I have a problem understanding being offended. Don’t get me wrong; I am not a sunny natured person who sails through life with never a negative emotion. I understand being angry, in all degrees, from mild frustration through the kind of fury that leaves you thinking, “Yeah, but then where would I hide the body?” I understand feeling hurt, too and I realize that anger and hurt are big components of feeling offended. It’s just that there seems to be something else, something I can’t quite identify, that changes hurt and angry into offended. I’m like the person sitting in a restaurant, tasting an unusual dish and trying to figure out what that elusive spice is that makes all the difference.
A therapist I know says that all anger stems from hurt. I’m not entirely sure of that. I think anger comes from fear - the fear of being hurt, not emotionally, but physically. Anger is part of our system of self-defense, one that we share with the rest of the animal kingdom. When a mama bear attacks you for getting too close to her cub, though, I’m not sure you can say that she was offended. She was just taking care of mama bear business.
I think of situations in which I might have felt offended. I can think of two recent ones, both of which occurred at work shortly before I retired. As I have mentioned before, I worked with some difficult children. One of them was a five year old with a mental and emotional age of around three and a real problem with impulse control. One day I had him sitting in a chair with a tray (to prevent escapes) and was trying to get him to follow some simple directions with his favorite toys. He was screaming at the top of his lungs because I wouldn’t let him play by throwing the toys. A coworker knocked at the door and said my boss asked if I could please get him to be quiet because our boss was on the phone and the child could be heard.
Okay, now let’s run through the pertinent points. I’m the one with my ears about a foot from the screaming child. If I had some magic way of calming him down, I assure you, I would have applied it without being asked. So I guess I was offended, briefly, but I was mostly amused. You have to admit, that’s funny. Everyone I tell the story to sees the funny side immediately, except maybe my boss. I wonder if I had told her how funny I thought her request was if she would have been offended.
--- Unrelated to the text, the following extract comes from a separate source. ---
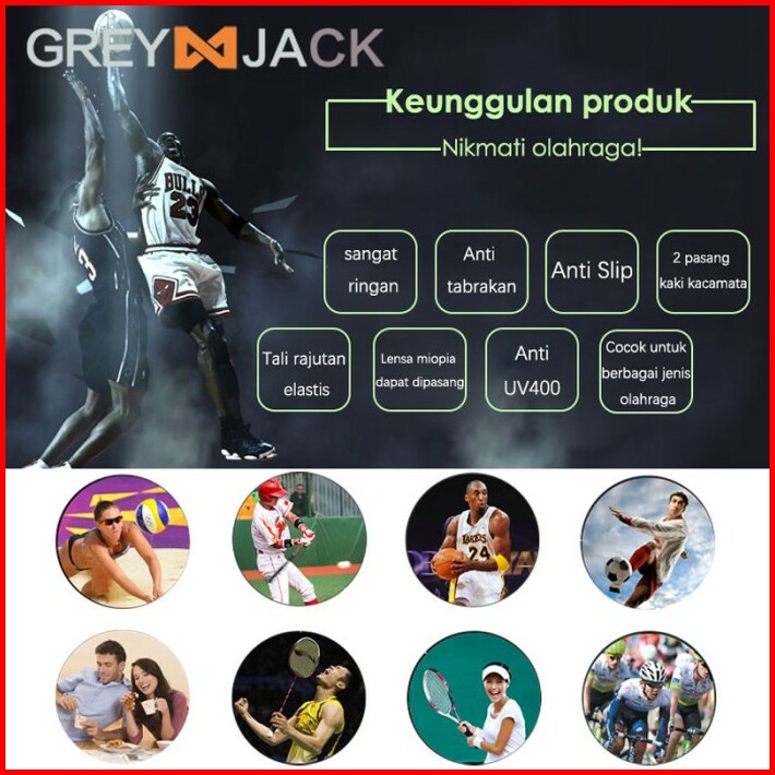 Grey Jack Frame Kacamata Sport 2in1 Olahraga Basketball Soccer Tennis

The other incident occurred at our Christmas lunch, which was also my farewell appearance the day before I retired. We drew names every year for “Secret Santa”, and I wound up sitting next to the person whose name I drew. She had wanted a gift certificate to a party store because she bakes cakes as a hobby and they have a good selection of specialty cake pans. I bought her the gift certificate, and put it in a small decorative box, like a hat box, with a few truffles from a specialty candy store.
Coworker proceeds to tell me that she had been asked if she could bake a cake for me but she didn’t have any recipes that weren’t chocolate and I don’t like chocolate*, so she couldn’t. Uhm, okay. Why tell me this, I wonder. It’s not like I was sitting there going, “What, no cake?”
The thing is, when I ask myself something like “Why tell me this?”, it’s not a rhetorical question. I think about a possible answer. This coworker is a friendly, kind person as a rule and we haven’t had any run-ins. She is, however, the mother of two young children with a full-time job and this was right before Christmas. I’m sure her spare time was taken up with shopping, decorating, taking kids to see Santa, explaining for the fortieth time just how many more days until Christmas and wishing she was on her own private island. She didn’t have time to bake a cake, and I don’t blame her for saying “no”.
I suspect when presented with the gift that I had taken extra time to wrap and make look special (not having two young kids and being free to do stuff like that) she felt a little wistful, and wanted to explain about the cake she didn’t bake, and unfortunately the resentment she felt at being asked when there are perfectly good bakeries around town made itself apparent without her meaning it to. That’s just the sort of social klutziness I am prone to, so I feel for my fellow sufferers.
So I’m still no closer to understanding being offended than when I started. My efforts seem to dissolve into amusement, or problem solving, or reflections on whether social tact and social klutziness are inherited, like curly hair. Besides, I'm thinking about cake. I just heard my husband saying something about buying a king cake. I hope he's not offended if I take a slice.
*Actually, I love chocolate, but for medical reasons, I am not supposed to eat it.